James Herring
*James V. Herring was born on this date in 1887. He was a Black artist and professor.
James Vernon Herring was born in Clio, South Carolina, to a Black mother and a white Jewish father who was an educator and visual artist. To ensure him a good education and protection from white racial violence, his family sent the youthful Herring to live with family members in Washington, DC.
He received his early education at Howard University Academy, which prepared him to enter and successfully graduate from Syracuse University. He later did graduate work at Columbia and Harvard universities. A year after being appointed to Howard University's architecture faculty, he established the Department of Art at the university in 1921, and the young Alma Thomas became its first graduate, whom Herring would later describe as "opinionated and not less omniscient."
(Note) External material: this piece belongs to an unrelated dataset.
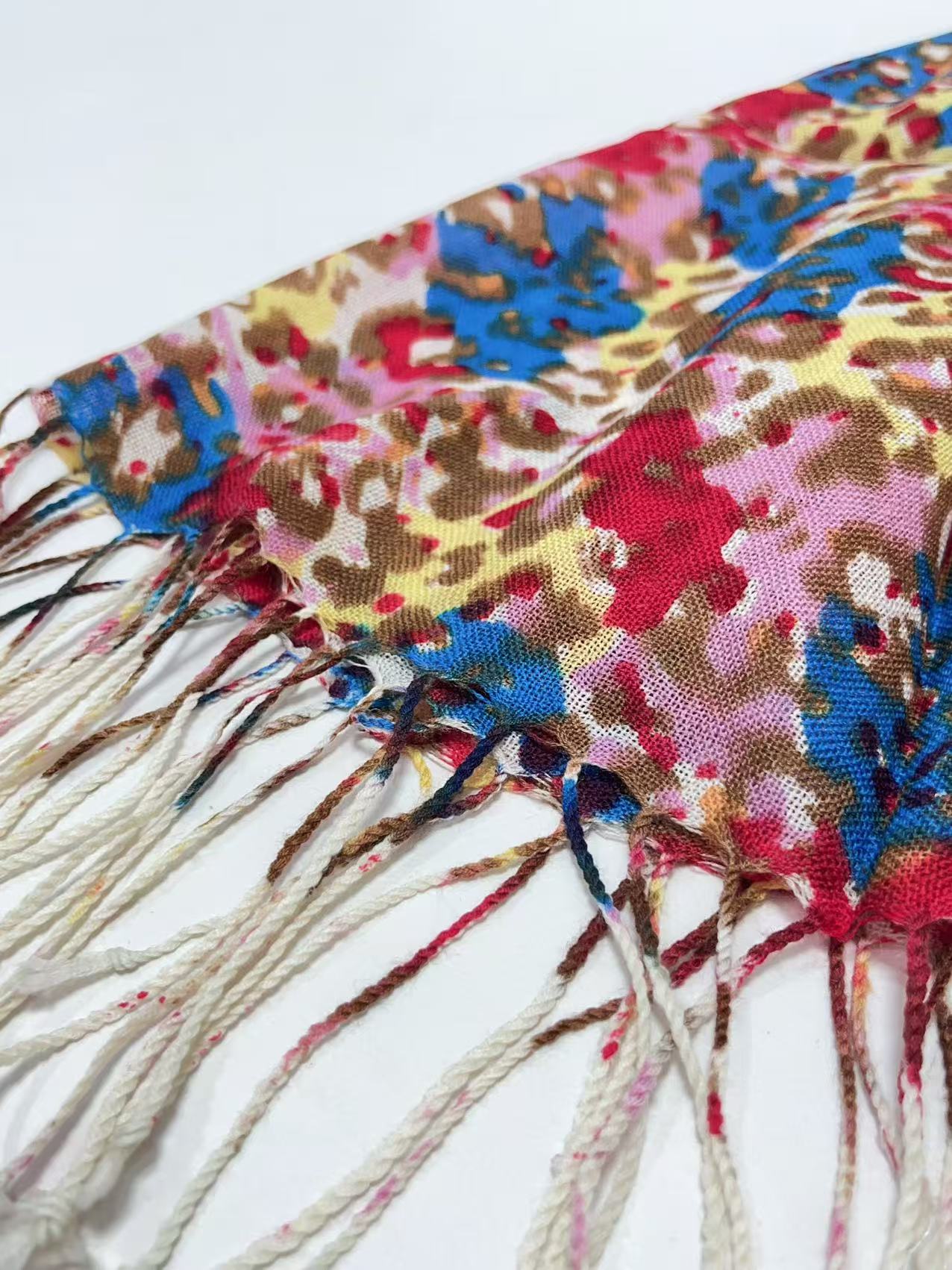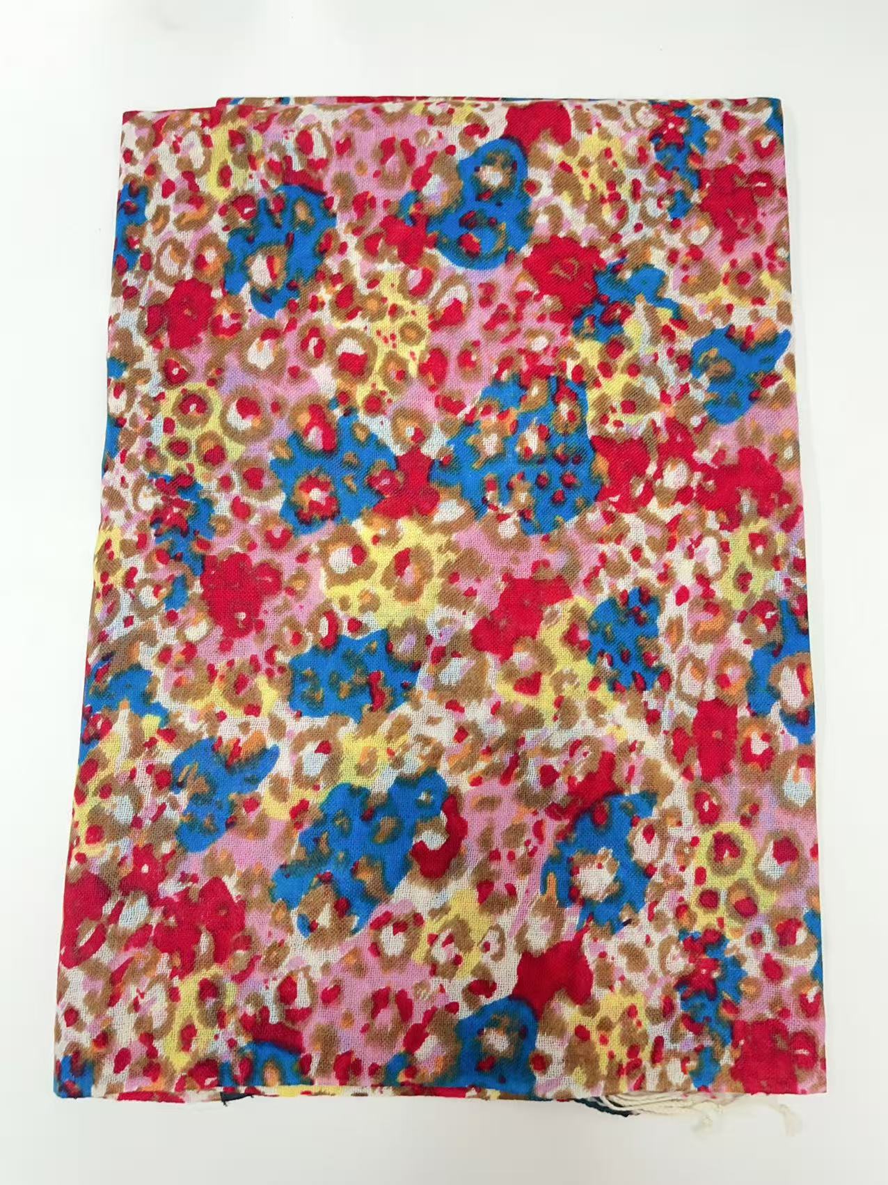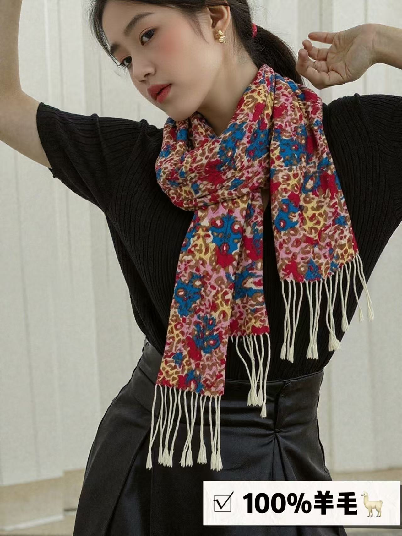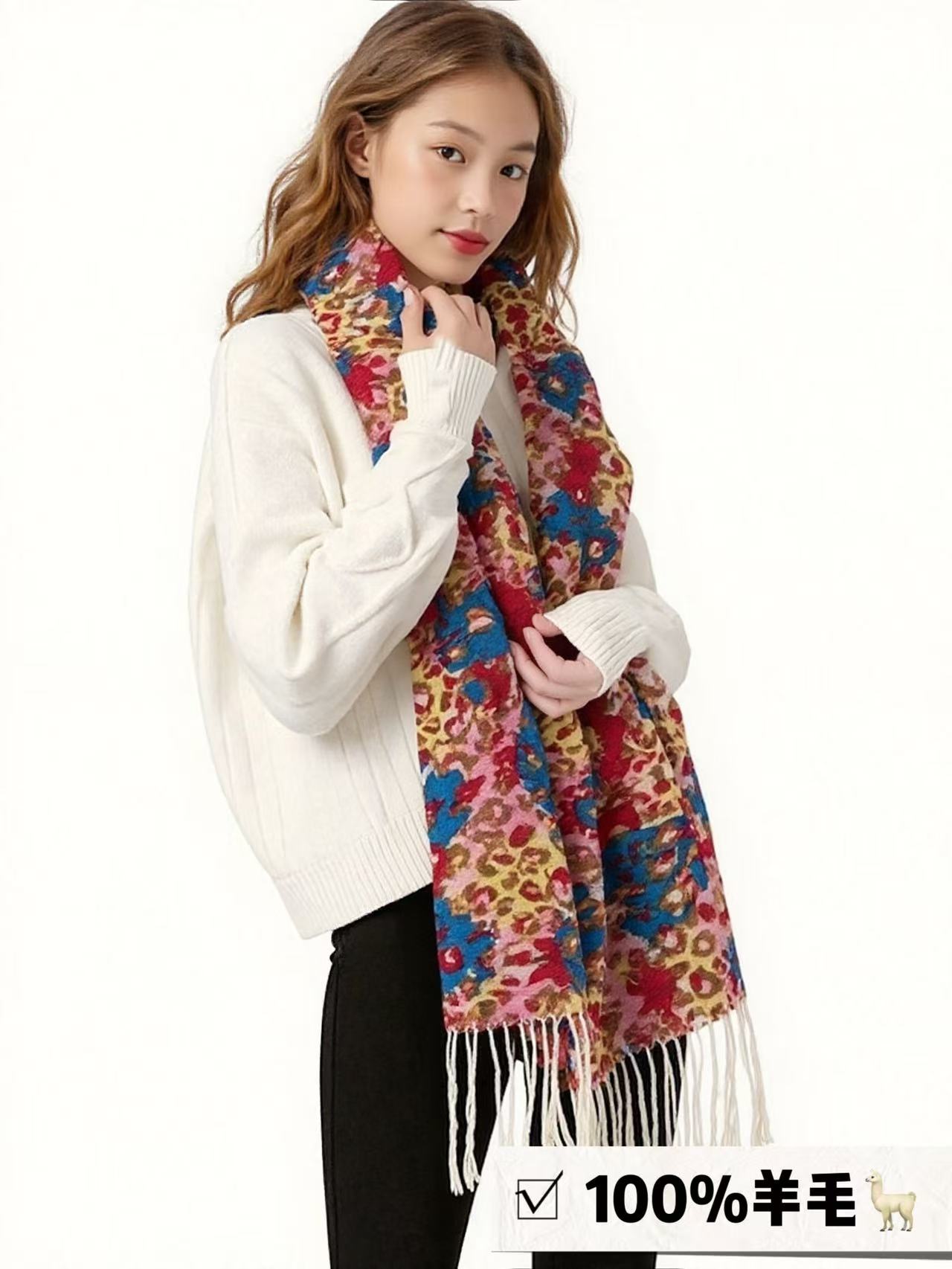 {特卖}100%羊毛围巾花型三彩绘豹纹 ~喜出

According to Adelyn D. Breeskin. In 1943, Herring and Alonzo J. Aden opened the Barnett-Aden Gallery in Washington, DC. The gallery was the first privately owned and operated Black art gallery in the United States at 127 Randolph Street, NW. Both Black and white artists were exhibited at the gallery to fight segregation. The gallery served as a place to meet those interested in art, including curators from the Phillips Collection, Corcoran Gallery of Art, and the National Gallery of Art.
Herring and Aden also worked together at the Gallery of Art at Howard. Herring founded it in 1930, and Aden served as the first curator. Herring retired from Howard in 1953 and died on May 29, 1969.